What this task involves: Repeat exactly the lines of the records below, starting at the line containing "Freebily Gonna da" and ending at the line containing "Step 11: In". Leave the pictures out.

Record excerpts:
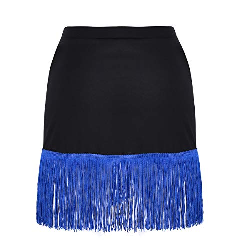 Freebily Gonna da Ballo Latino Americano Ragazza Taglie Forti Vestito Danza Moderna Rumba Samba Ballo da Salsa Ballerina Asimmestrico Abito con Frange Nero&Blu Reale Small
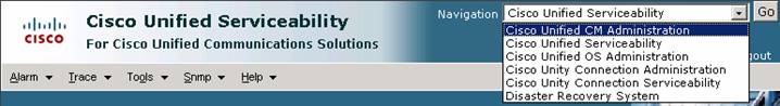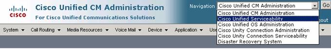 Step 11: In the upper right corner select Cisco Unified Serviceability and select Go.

---

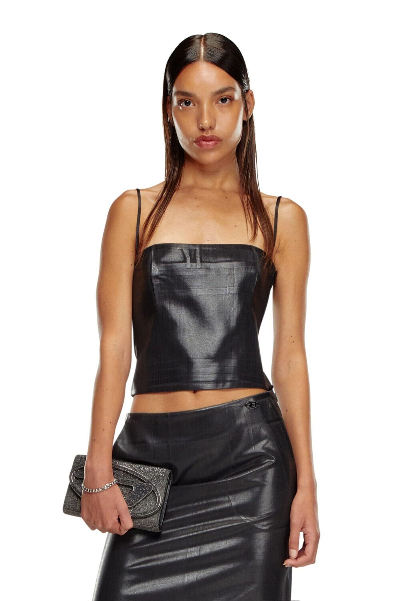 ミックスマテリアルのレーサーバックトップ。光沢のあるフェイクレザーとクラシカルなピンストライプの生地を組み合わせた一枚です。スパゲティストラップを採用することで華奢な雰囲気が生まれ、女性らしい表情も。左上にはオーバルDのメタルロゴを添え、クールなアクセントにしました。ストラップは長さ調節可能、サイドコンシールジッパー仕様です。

==

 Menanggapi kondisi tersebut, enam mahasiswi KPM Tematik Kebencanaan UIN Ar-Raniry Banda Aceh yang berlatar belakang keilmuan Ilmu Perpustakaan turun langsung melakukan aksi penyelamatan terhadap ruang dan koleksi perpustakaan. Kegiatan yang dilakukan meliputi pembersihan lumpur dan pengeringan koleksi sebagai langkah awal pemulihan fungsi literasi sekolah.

Task solution:
 Freebily Gonna da Ballo Latino Americano Ragazza Taglie Forti Vestito Danza Moderna Rumba Samba Ballo da Salsa Ballerina Asimmestrico Abito con Frange Nero&Blu Reale Small
 Step 11: In the upper right corner select Cisco Unified Serviceability and select Go.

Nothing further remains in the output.